Since there seems to be a plague of "best" lists going around (see here and here), I thought I'd put in my two cents on the top ten works in the philosophy of language in the 20th C. Criteria: innovation and influence. (I will define a "work" recursively as (i) a book, (ii) an article or (iii) a series of thematically related works containing at least one common author.)
- Quine, Word and Object.
- Kripke, Naming and Necessity.
- Grice, "Meaning" plus the William James Lectures.
- Montague, "On the proper treatment of quantification in ordinary English" plus "English as a formal language."
- Carnap, Meaning and Necessity.
- Vendler, Linguistics in Philosophy.
- Chomsky, Aspects of a Theory of Syntax.
- Tarski, "The semantic conception of truth and the foundations of semantics."
- Wittgenstein, Philosophical Investigations.
- Russell, "On denoting" plus Principia Mathematica.
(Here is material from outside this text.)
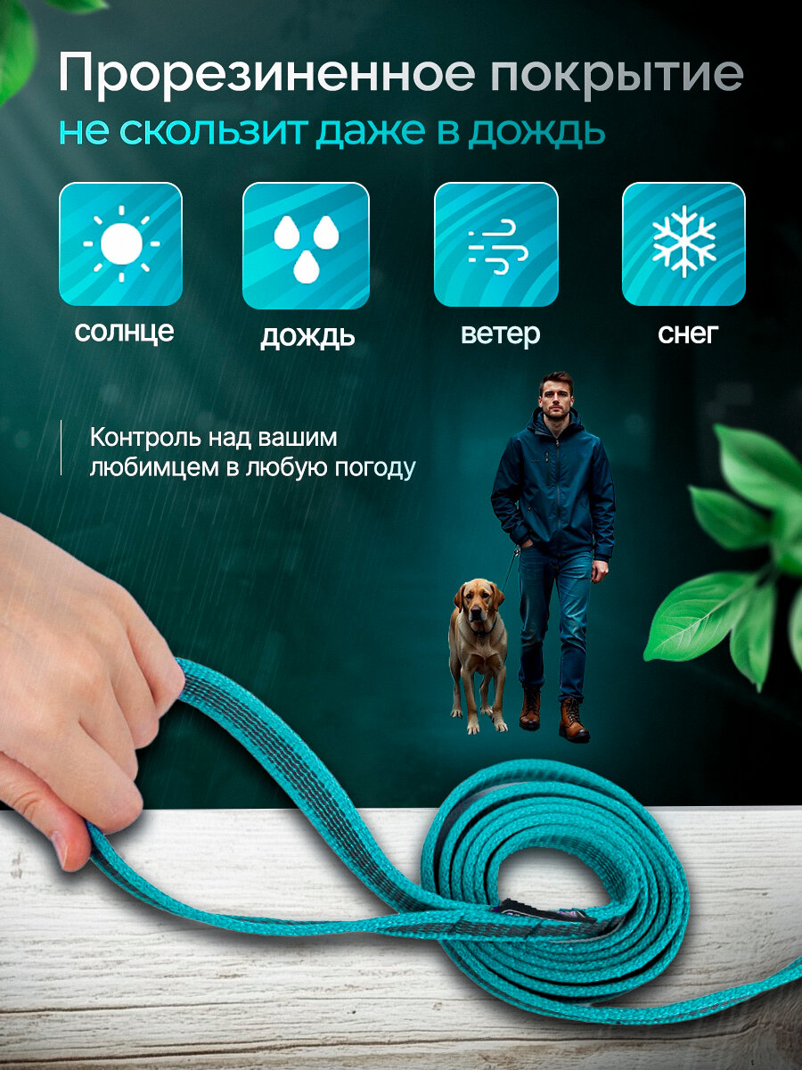 Поводок прорезиненный нескользящий MagWay, для собак средних и крупных пород, ширина 18мм, цвет бирюзовый, длина 2 метра: сравнение цен, характеристики, фото, актуальное наличие и цены.

It is, of course, unfortunate to leave Frege off the list; but his most important work (Begriffschrift, "On sense and reference", "On concept and object" and Logical Investigations) count as part of the 19th C., not the 20th. It was also difficult to leave off Geach's Reference and Generality since it anticipates a good deal of current research on flexibility principles. Austin's major works (How to do Things with Words, "A plea for excuses") were difficult to exclude as well. If I were going to round out a top 15, I would probably include some significant chunk of Church's corpus (e.g., the various papers on the logic of sense and denotation, "On Carnap's treatment of statements of belief"), and Davidson's work (in particular, "Truth and meaning" and "The logical form of actions sentences").
And a surprising number of important people don't make the top 15, these include:
- The "early" Wittgenstein
The first two are espcially hard to justify while including Vendler and Geach (but I firmly believe that the importance of the work of these two has been significantly underestimated in philosophy, less-so in linguistics).